Em linhas gerais, Juiz de Fora não se difere da realidade existente no país, uma vez
que é possível identificar uma significativa assimetria na distribuição dos
equipamentos culturais, especialmente de museus. Segundo o Instituto de Pesquisa
Econômica Aplicada - IPEA, 73,2% dos municípios brasileiros não possuem museu.
Em outra pesquisa, realizada no ano de 2013, o SESC publicou um apanhado sobre
os públicos de cultura, com dados advindos de 25 Estados brasileiros. Foram
aplicadas cerca de 2400 entrevistas e identificou-se que 71% dos brasileiros
entrevistados nunca estiveram em exposições de pintura, escultura e outras artes
em museus ou outros locais afins. Ademais, 70% daqueles ouvidos nunca foram a
uma exposição de fotografia.
O Museu da Farmácia Prof. Lucas Marques de Amaral foi criado por iniciativa do
primeiro Diretor da Faculdade de Farmácia, professor Lucas Marques de Amaral.

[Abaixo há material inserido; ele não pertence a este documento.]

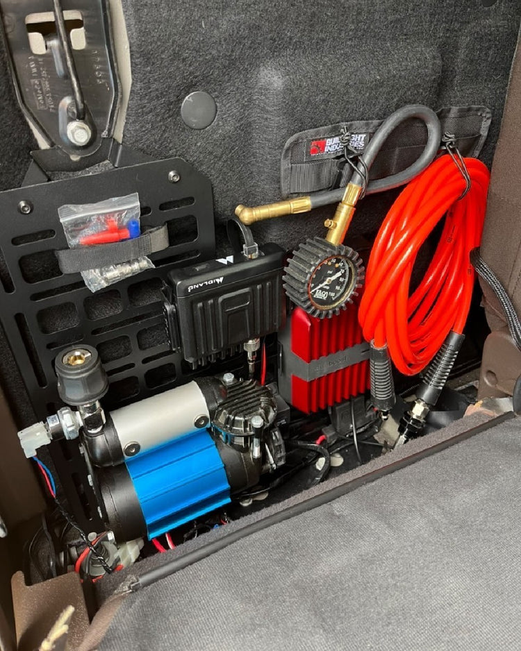 Fitment Note: Factory jack must be relocated from behind the rear passenger seat.
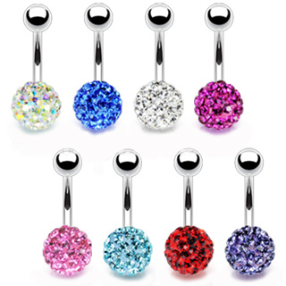 NSD1003 316L Surgical Steel Navel Ring with Swarovski Multi Crystal Ferido Ball

Sua fundação data de 1972, período após o desmembramento dos Institutos de
Odontologia e Farmácia, constituintes da então Escola de Farmácia e Odontologia
de Juiz de Fora – EFOJF, e a transferência da Faculdade de Farmácia para o
campus universitário.
Essa separação acabou por criar as condições para que o acervo começasse a ser
formado, tendo em vista que, com a divisão dos órgãos supracitados, novos
equipamentos foram adquiridos pelo curso de Farmácia. Com a intenção de
preservá-los, o professor Lucas guardou todos os objetos, reunindo-os com os
outros que já possuía, provenientes da antiga farmácia de seu pai. Além disso, a
liberação do mercado nacional para a importação de equipamentos modernos na
década de 90, principalmente no setor educacional, contribuiu para que o material
utilizado nas aulas se tornasse obsoleto para o ensino. Logo, o acervo foi
complementado por peças da antiga escola de Farmácia e Odontologia, do
laboratório de física da antiga Faculdade de Engenharia e também por doações de
farmacêuticos, funcionários e até mesmo de alunos.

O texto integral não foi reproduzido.